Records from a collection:
□ □ □

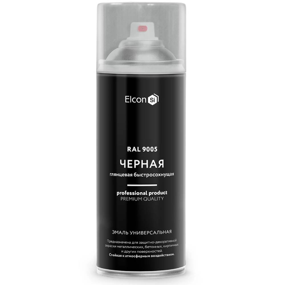 Купить Эмаль аэрозоль акриловая универсальная Elcon чёрная глянцевая 520 мл RAL 9005 по лучшей цене с доставкой - интернет магазин №1 в России
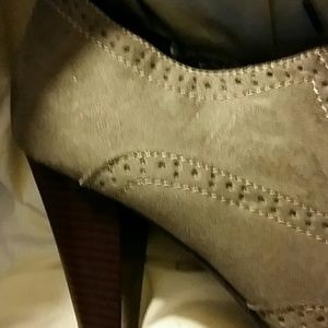 Grey suade heels are 4 inches
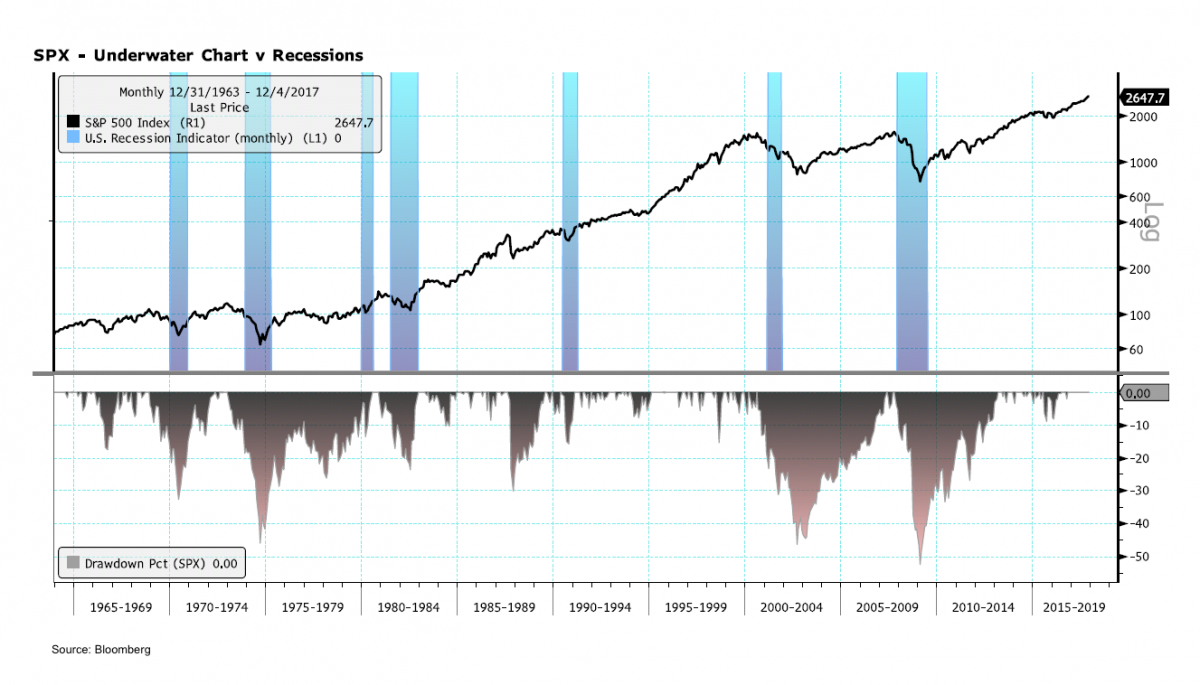 Without a doubt, equities have had an extra-ordinary run. There is the view that, without a recession, you cannot have a bear market. In our analysis, that’s true for the most part – but is “for the most part” good enough? The notable exception is the Crash of 1987 where a bear market was not accompanied by a recession. In today’s context, the buy-the-dip crowd will remind you that the ’87 crash was, well, a buying opportunity. As such, if you are an asset manager interested in keeping your job, you buy. It reminds of the 1980s where buying IBM office equipment was the sure way to keep your job, as no one would question your choice. Here’s a chart that shows the S&P 500 with the percent drawdown from any peak, with recessions shaded:
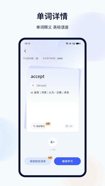 1.词汇学习:提供多种词汇学习方法,如单词记忆卡片、词汇测试、词汇游戏等。帮助用户快速扩大词汇量,掌握单词的发音、拼写、词义和用法。
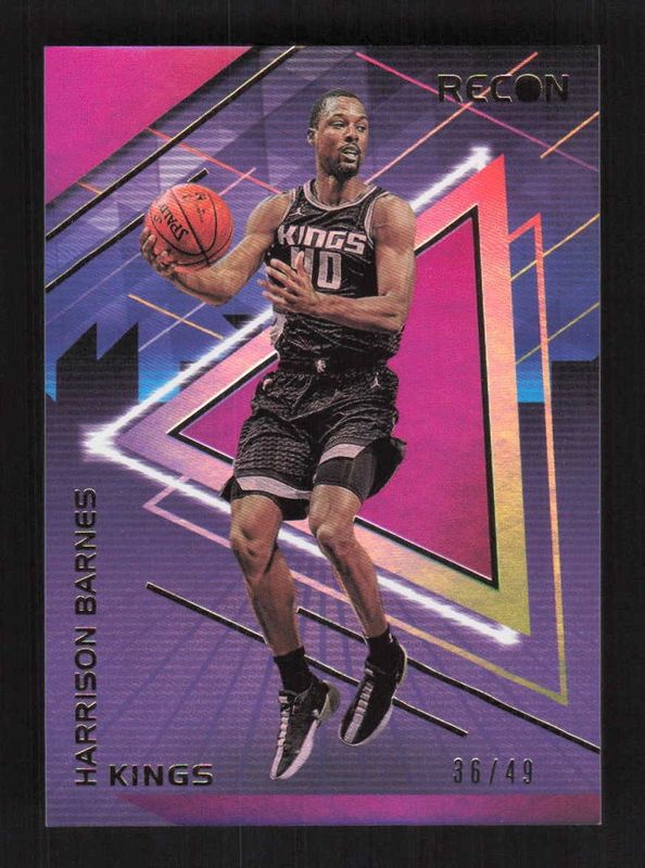 The Harrison Barnes 2020 Recon #80 Purple /49 card is 1 of 12 Harrison Barnes' card variations in the 2020 Recon set being tracked by Sports Card Investor, including Base, Bronze, Holo, Pink, and Spiral.
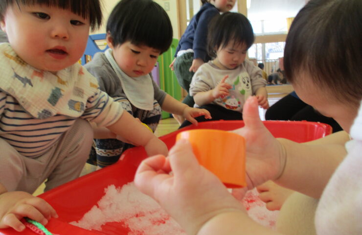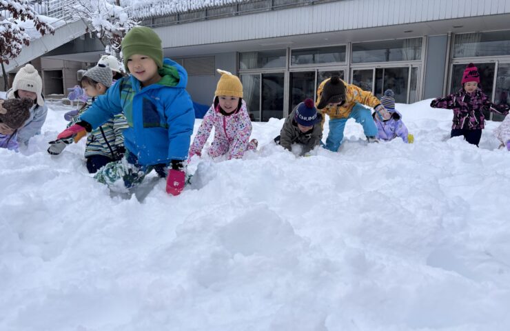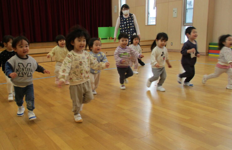 明るい園内には、子どもたちの元気な笑い声が響いています。 広い園庭には子どもたちの五感を刺激する緑の芝山が広がり、 子どもたちの発見の場となっています。
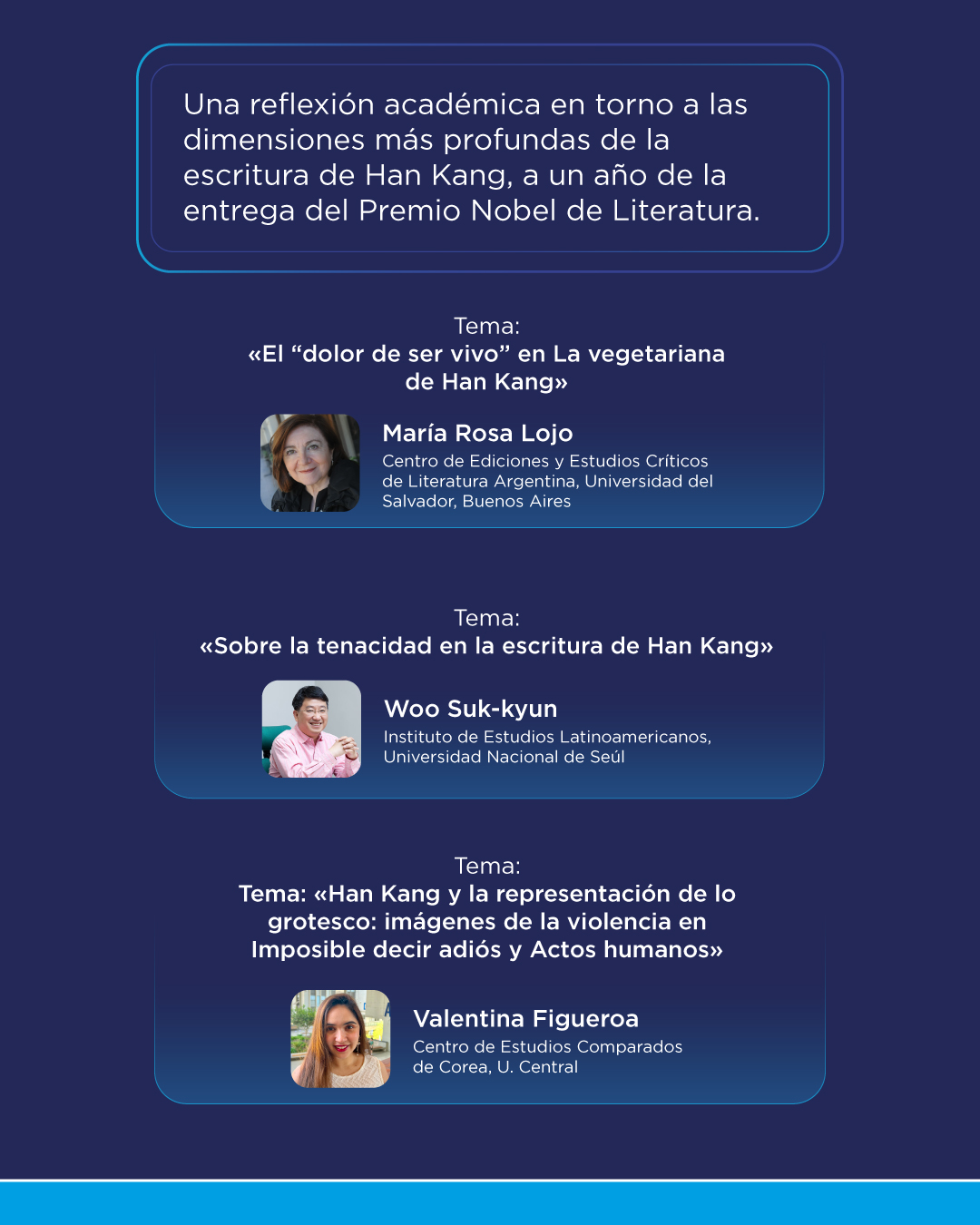 ○ 제목: A un año del Nobel: lecturas acerca del dolor, la violencia y la muerte en la obra de Han Kang (노벨문학상 1년: 한강 작품 세계 속의 고통, 폭력, 죽음)

□ □ □

## [Exercise description]
Begin with the first line of the entries above and write out each line exactly, ending with the line containing "Grey suade heels are 4 inches". Leave out pictures.

## [Solution to this problem]
 Купить Эмаль аэрозоль акриловая универсальная Elcon чёрная глянцевая 520 мл RAL 9005 по лучшей цене с доставкой - интернет магазин №1 в России
 Grey suade heels are 4 inches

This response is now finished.